Center for Infectious Diseases, The University of Texas School of Public Health, Baylor College of Medicine, Kelsey Research Foundation, Houston, TX, USA.
Aliment Pharmacol Ther. 2016 Jan;43 Suppl 1:3-10. doi: 10.1111/apt.13434.
Disruption of the gut microbiota through use of systemic antimicrobials or activation of the mucosal inflammatory response by pathogens can cause dysregulation of the intestinal mucosa.
To explore the mechanisms of action of rifaximin that may underlie its clinical benefits in travellers' diarrhoea (TD).

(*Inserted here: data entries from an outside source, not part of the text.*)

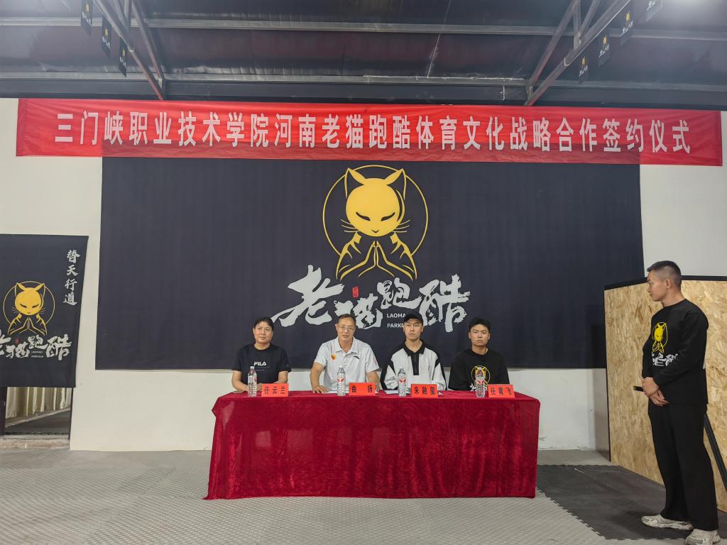 5月30日,久久精品网院长曲扬一行赴三门峡老猫跑酷俱乐部,与老猫跑酷体育文化传播有限公司签订战略合作框架协议并举办久久精品网实习实训教育实践基地授牌仪式。久久精品网教学工作负责人任云兰、实训科负责人、民族传统体育专业负责人,老猫跑酷俱乐部朱融玺、俱乐部各部门负责人出席仪式。
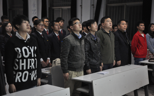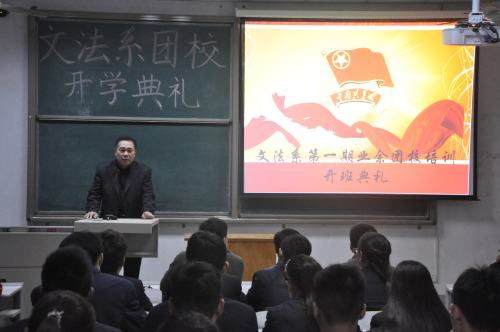 在庄严的团歌声中,团校开班典礼拉开帷幕。首先,全体起立,奏唱中国共青团团歌。而后,团委副书记刘冰岩对全体团校新学员表示热烈欢迎并简要介绍了本期团校的课程设置和内容安排,对学员们提出了具体要求和建议。随后,文法系党总支副书记杨明志同志发表了重要讲话,他告诫同学要牢记团的宗旨,发扬团的精神,在学习、工作中,不畏艰险、发扬艰苦奋斗的精神。同时,他勉励全体学员:一要明白上团校的目的,要端正入团、入党动机,树立正确的理想信念;二要端正学习态度,珍惜难得的学习机会,不仅思想上要积极向共青团靠拢,更要在行动有所表现,做一名优秀的共青团员;三要充分发挥团员的先锋模范作用,传承积极向上、服务群众的精神。最后,学员们一起观看纪录片。至此,文法系第一期业余团校培训班开学典礼正式结束,文法系第一期业余团校培训班正式开课。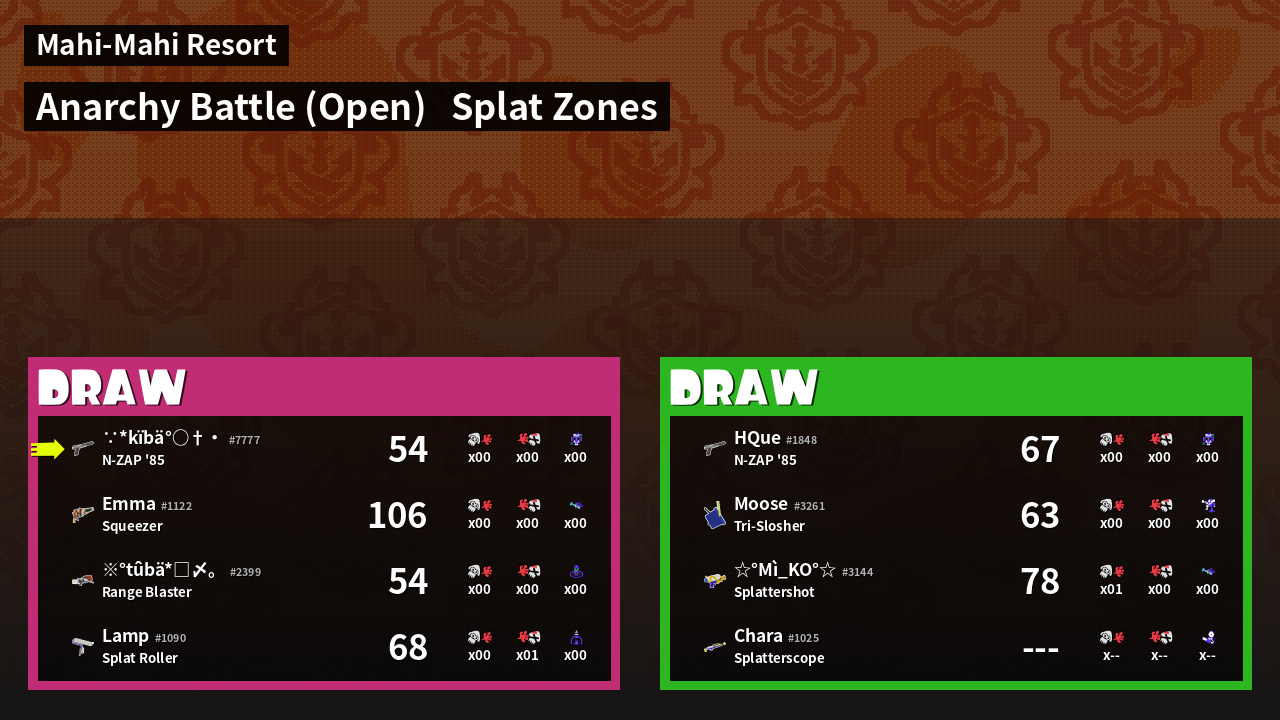 | Mode | Splat Zones - Anarchy Battle (Open) | ||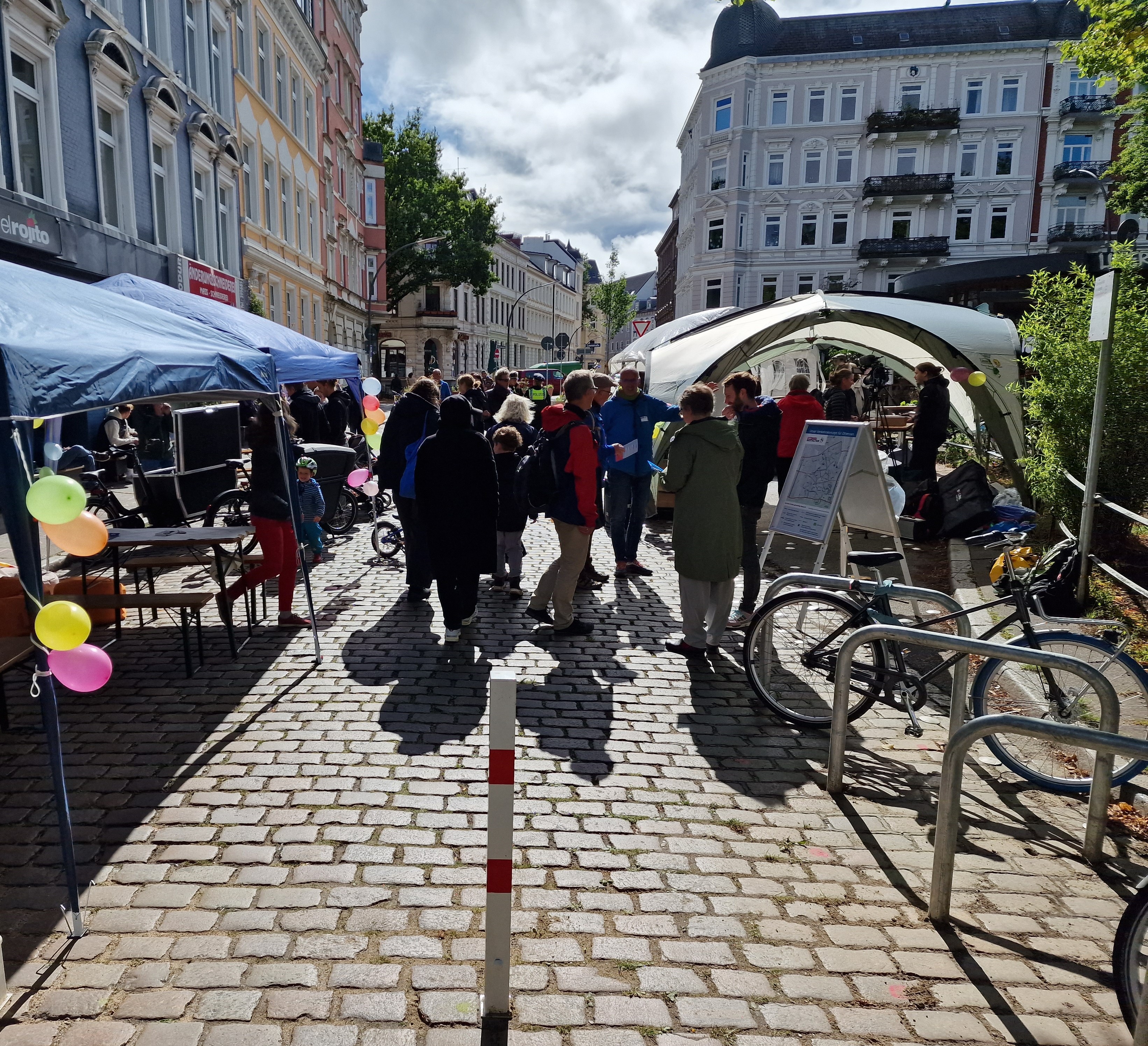 • Im Bezirk Altona der Hansestadt Hamburg wurde am 17.09.2022 mit einem Straßenfest in Ottensen der Auftakt von Umgestaltungsmaßnahmen gefeiert. Das Nachbarschaftsfest in der kurz zuvor dauerhaft verkehrsberuhigten Großen Brunnenstraße bot im Zuge der EMW den Anwohnern*Anwohnerinnen die Möglichkeit, sich über die aktuelle Maßnahme sowie die zukünftige Verkehrsplanung im Dialog mit dem Planungsteam aus dem Bezirksamt auszutauschen.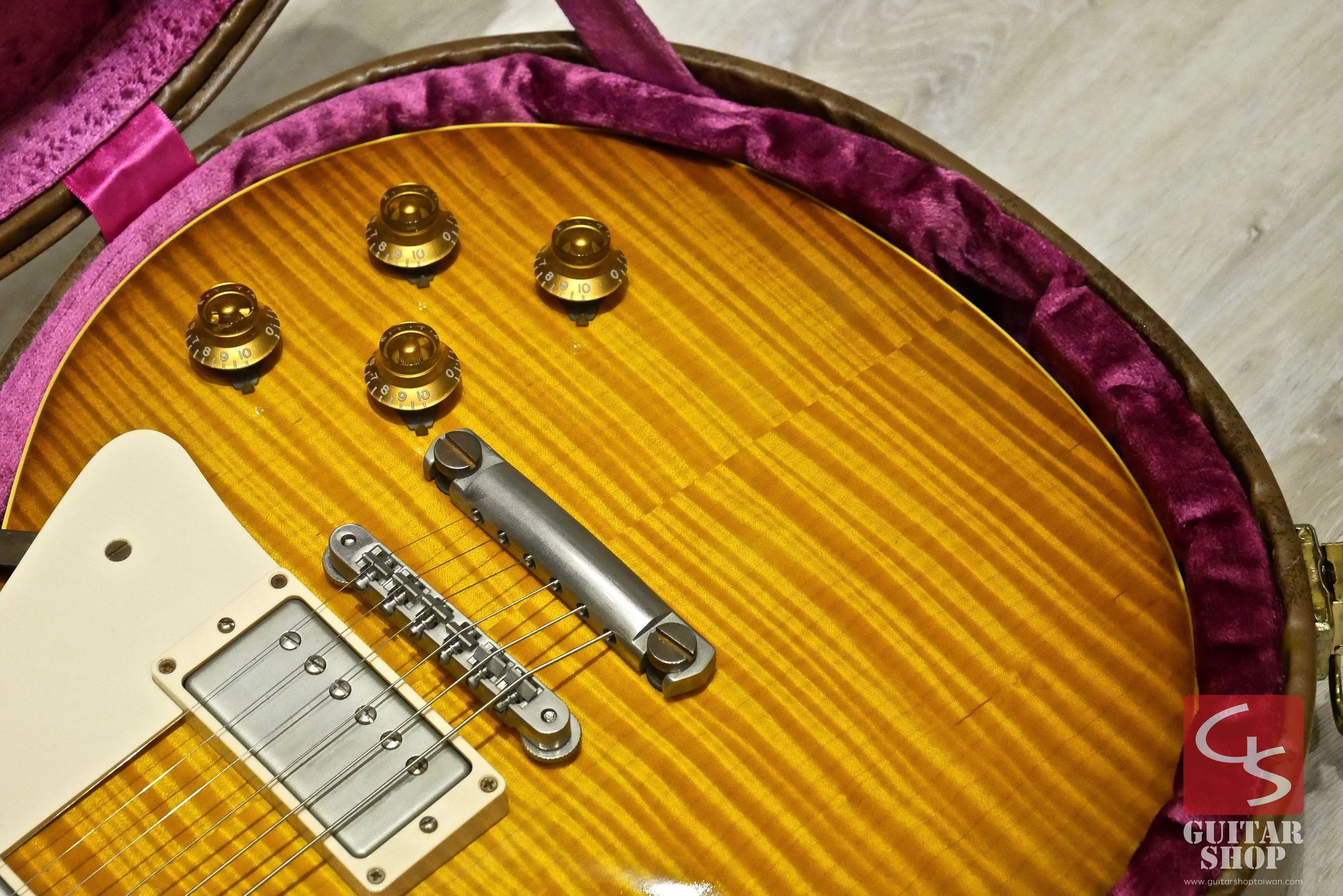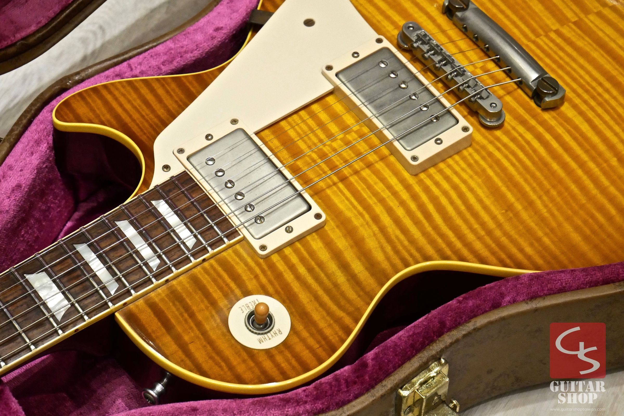 全球限量100支,Gibson Custom Shop於2013年推出的Les Paul 1959 Reissue二十週年限定版,紀念Custom Shop於1993年創廠發表R9至2013年共二十年的時間。製琴木料由Custom Shop Historic部門經理Edwin Wilson與傳奇技師Tom Murphy特選,琴面採用5A的Killer Top紋路,再由Tom Murphy親自上色,由Tom Murphy上色的色漆漸層質感和一般量產的版本大不相同,質感非常好非常漂亮且耐看。琴身為桃花心木,琴頸為'59 Neck Profile,原廠配置一組複製50s PAF的Custom Bucker Pickups拾音器、漆面與零件階為VOS處理。證書為大本相冊樣式的手繪特別版,這是唯一在這款二十週年紀念版才有的特別證書,琴盒簽名為Edwin Wilson與Tom Murphy。此外原廠也附贈了白手套與二十週年紀念版的Switchplate Cover。整體九成五新,琴背有幾道不明顯的輕微使用痕跡,其餘近全新。近年來由Tom Murphy製作的Burst/Aged全新售價都要三十萬台幣起跳,限量100支的二十週年紀念版保值性與收藏價值更高,市面上相當稀有,當年全新品售價約為台幣二十三萬,有興趣的玩家們把握機會。

A literature search was performed using the terms 'rifaximin' and 'L/105' in combination with the terms 'in vitro activity', 'diarrhea', 'microbiota' and 'gut flora'.
Rifaximin has been traditionally identified as a nonsystemic, broad-spectrum, bactericidal antibiotic. Evidence shows that the activity of rifaximin against enteropathogens in this setting is likely enhanced by its increased solubility in the presence of bile acids in the small intestine. Results of clinical studies show that although rifaximin is efficacious in TD, a clinical cure often occurs without apparent bacterial eradication and with minimal effect on the gut microbiota, suggesting an effect of rifaximin other than direct antibiotic activity.
Although definitive studies on the effect of rifaximin on the gut microbiota in large cohorts of healthy volunteers or patients have not been published, pre-clinical studies provide some insight. These studies have shown that rifaximin may have effects on both the pathogen and host, including direct effects on pathogenic bacteria (such as reducing the expression of bacterial virulence factors) and indirect effects on the host (such as inhibiting bacterial attachment and internalisation at the intestinal mucosa and reducing mucosal inflammation).
通过使用全身性抗生素或病原体激活黏膜炎症反应,肠道微生物群可能会失调。
探索利福昔明在旅行者腹泻(TD)中发挥临床疗效的作用机制。
使用“rifaximin”和“L/105”与“体外活性”、“腹泻”、“微生物群”和“肠道菌群”等术语相结合,进行文献检索。
利福昔明传统上被认为是一种非全身性、广谱、杀菌抗生素。有证据表明,在小肠胆汁酸存在的情况下,利福昔明的溶解度增加,其针对肠道病原体的活性可能增强。临床研究结果表明,尽管利福昔明对 TD 有效,但临床治愈通常发生而无明显细菌清除,对肠道微生物群的影响最小,提示利福昔明的作用除了直接的抗生素活性之外还有其他作用。
尽管尚未发表关于利福昔明对健康志愿者或患者肠道微生物群影响的大型队列研究,但临床前研究提供了一些见解。这些研究表明,利福昔明可能对病原体和宿主都有影响,包括对致病菌的直接影响(如降低细菌毒力因子的表达)和对宿主的间接影响(如抑制细菌在肠黏膜的附着和内化,减少黏膜炎症)。